-- What you need to do --
You are asked to reproduce the listing exactly and to omit its pictures.

-- Information shown --
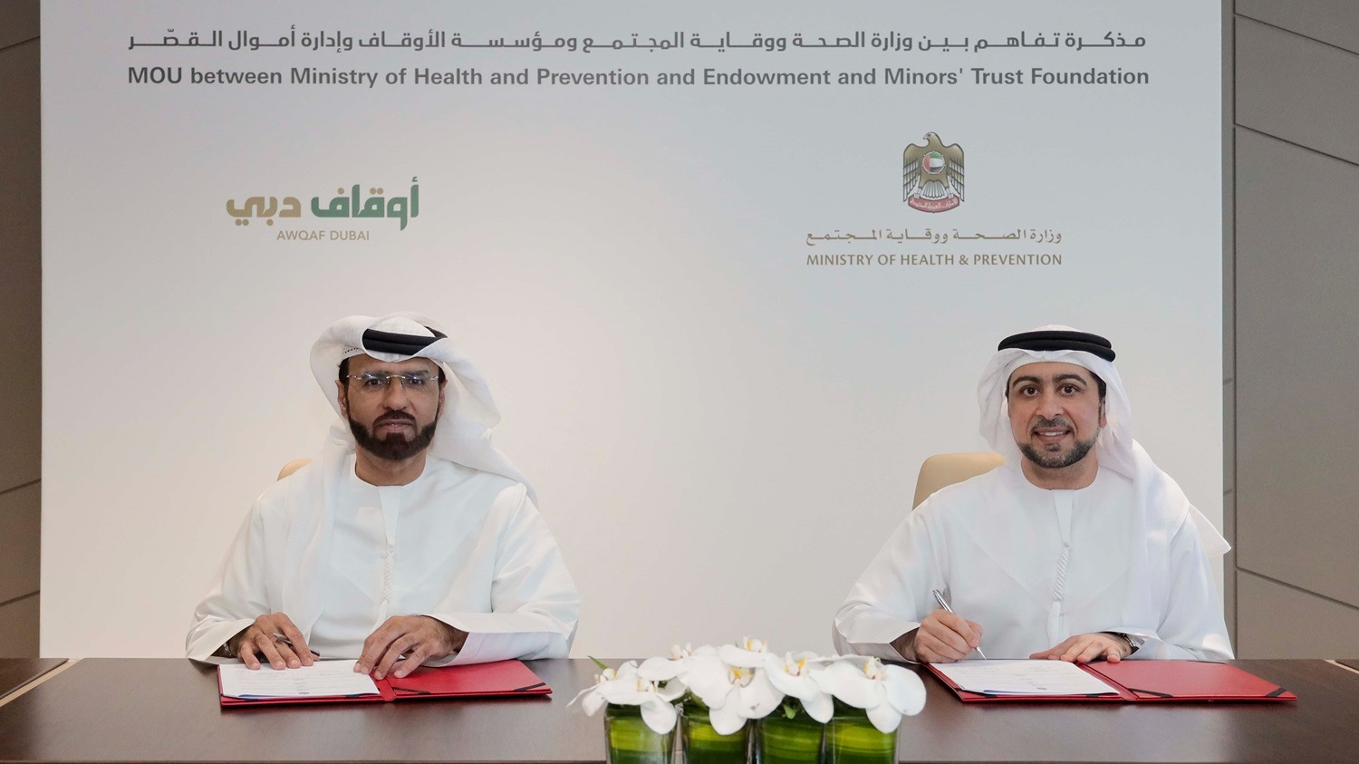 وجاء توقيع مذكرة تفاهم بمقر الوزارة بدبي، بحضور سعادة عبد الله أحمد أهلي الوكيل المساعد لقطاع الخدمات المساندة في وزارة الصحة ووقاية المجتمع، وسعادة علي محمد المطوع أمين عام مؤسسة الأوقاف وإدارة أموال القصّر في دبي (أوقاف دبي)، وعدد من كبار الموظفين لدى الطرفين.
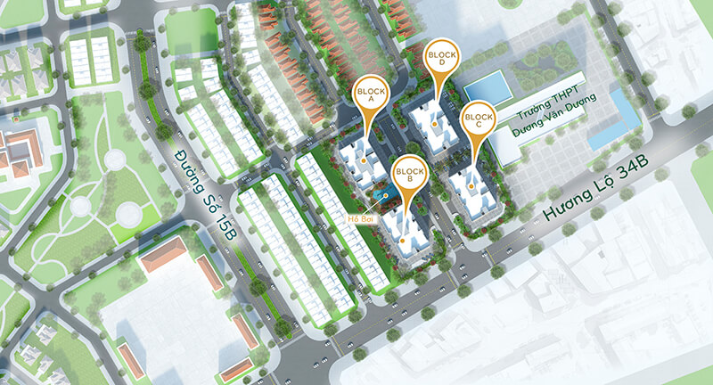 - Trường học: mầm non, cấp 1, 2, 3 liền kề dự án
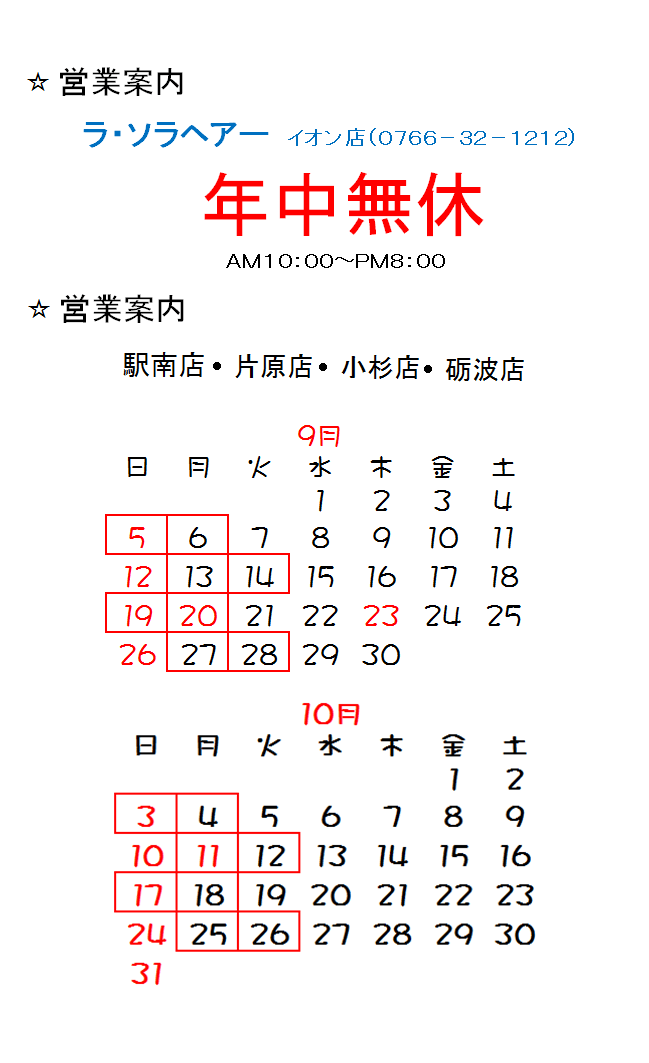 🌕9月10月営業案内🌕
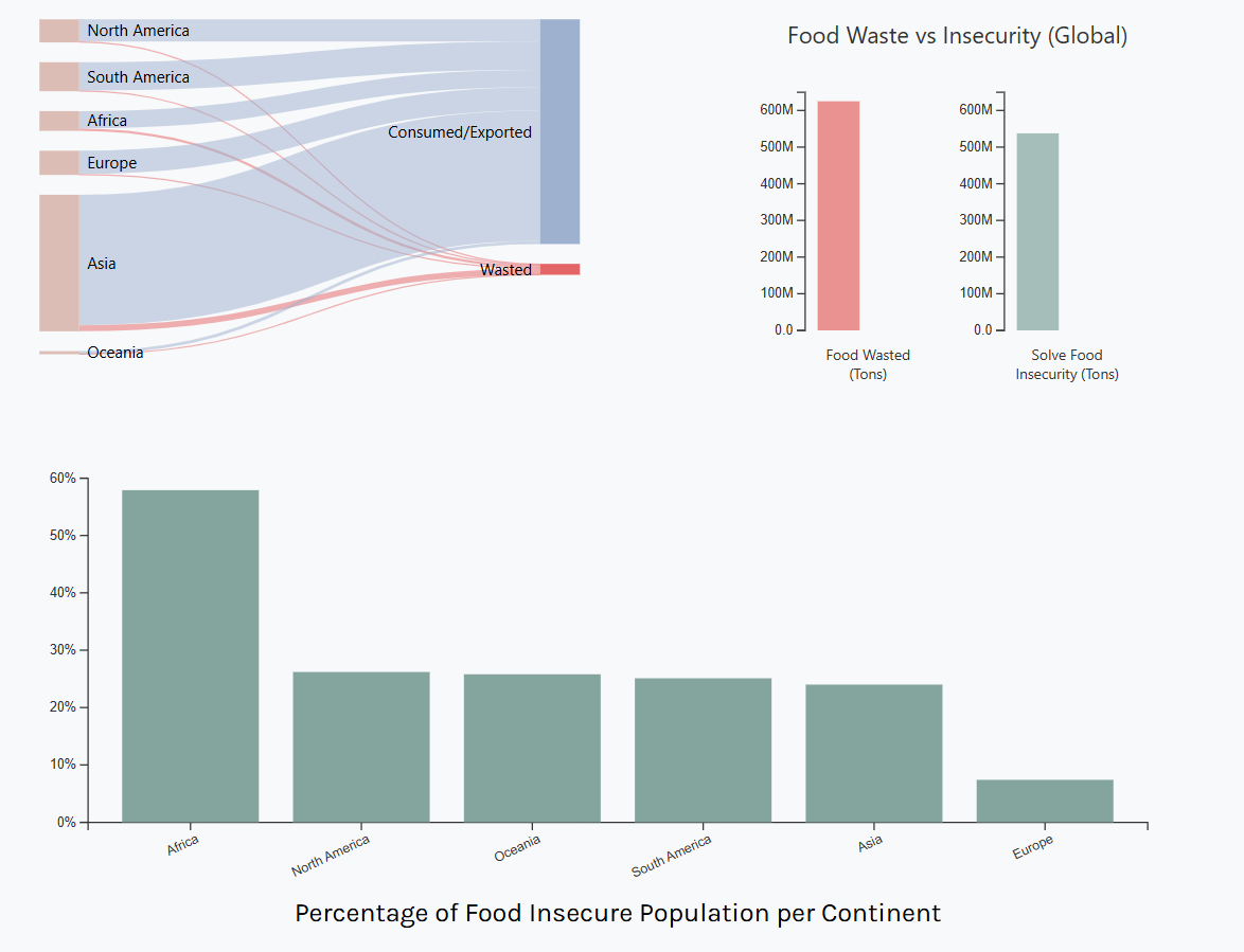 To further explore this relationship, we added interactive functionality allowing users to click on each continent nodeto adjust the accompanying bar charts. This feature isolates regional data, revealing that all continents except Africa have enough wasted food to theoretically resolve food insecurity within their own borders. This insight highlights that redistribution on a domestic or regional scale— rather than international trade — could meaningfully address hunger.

-- Result of this exercise --
 وجاء توقيع مذكرة تفاهم بمقر الوزارة بدبي، بحضور سعادة عبد الله أحمد أهلي الوكيل المساعد لقطاع الخدمات المساندة في وزارة الصحة ووقاية المجتمع، وسعادة علي محمد المطوع أمين عام مؤسسة الأوقاف وإدارة أموال القصّر في دبي (أوقاف دبي)، وعدد من كبار الموظفين لدى الطرفين.
 - Trường học: mầm non, cấp 1, 2, 3 liền kề dự án
 🌕9月10月営業案内🌕
 To further explore this relationship, we added interactive functionality allowing users to click on each continent nodeto adjust the accompanying bar charts. This feature isolates regional data, revealing that all continents except Africa have enough wasted food to theoretically resolve food insecurity within their own borders. This insight highlights that redistribution on a domestic or regional scale— rather than international trade — could meaningfully address hunger.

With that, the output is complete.